Knowing full well author Louis Lowry’s clampdown on ever allowing her dystopian classic, “The Giver”, to grace the silver screen, children’s science-fiction fans must accept the movie adaptation of Kazuo Ishiguro’s “Never Let Me Go” as the next best thing. Starring Carey Mulligan (An Education), Andrew Garfield (The Social Network) and Keira Knightley (Pirates of the Caribbean) unfortunately, the movie itself was not captivating. By the third act it loses all semblance of reality. It frivolously explores the metaphysics of the soul, shows the graphic loss of spleens and all together loses any amusement it spurns in the first act where none of the main actors are present because the viewer observes them in childhood as students of the strict boarding school called Harrow. The story itself however, is incredibly thought provoking. Tracking the lives of three outsiders from grammar school to their final days, it is the perfect blend of British norms of responsibility and class structure with that of Japanese wisdom and emotional sentiment.
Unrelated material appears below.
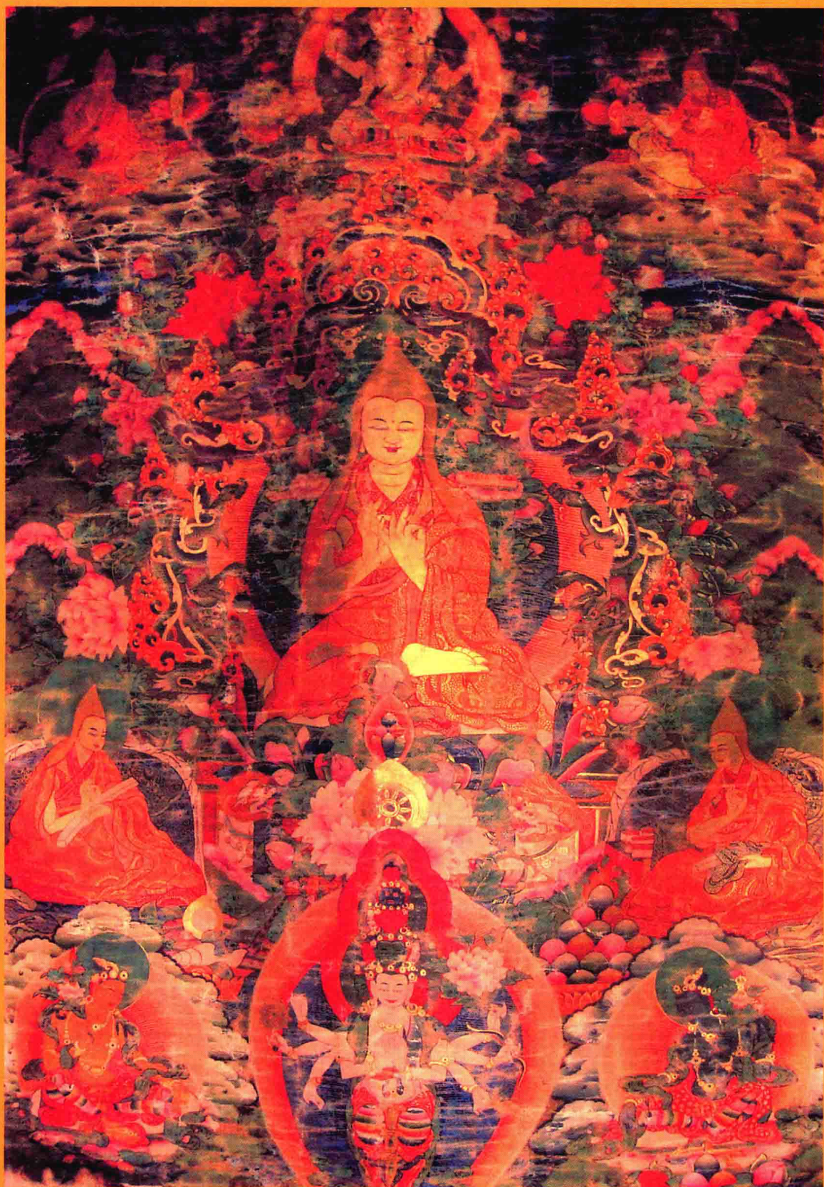
宗喀巴大师自画像（藏于民和回族土族自治县卡地卡哇寺）

Although the children are born for the purpose of someone else’s gain (being the eventual donation of their organs in order to preserve the life of the leisure class), throughout the film director Mark Romanek does his best to show these hopeless hopefuls do indeed possess souls. Doomed from the get-go the movie raises issues of love and loss, not being able to acclimate to the outside world after being subjected to such a rigorous regime, subculture as permanence, art as a political action, unrequited love, the struggle to mature, jealousy, deceit, reflexivity and the suppression of emotion, to name a few. In “Never Let Me Go” closeness and community revolve around myth. By not mentioning anything on their predetermined future, the children of Harrow are able to escape from their somber and dreary reality, at first. Although this becomes a burden to most, Kathy H. played by Cary Mulligan, has the most fulfilling life between her and her doomed friends yet somehow maintains a steady head amongst great adversity including losing the only person she loves various times throughout her short life to another girl and then to death. Some may consider Romanek and Ishiguro sick and morbid for only giving their main characters a fleeting glimpse of a fantasy ending. Those who enjoy the film appreciate the anti-fantastical theme the writer and director explore because they feel the outside world isn’t such a happy place either.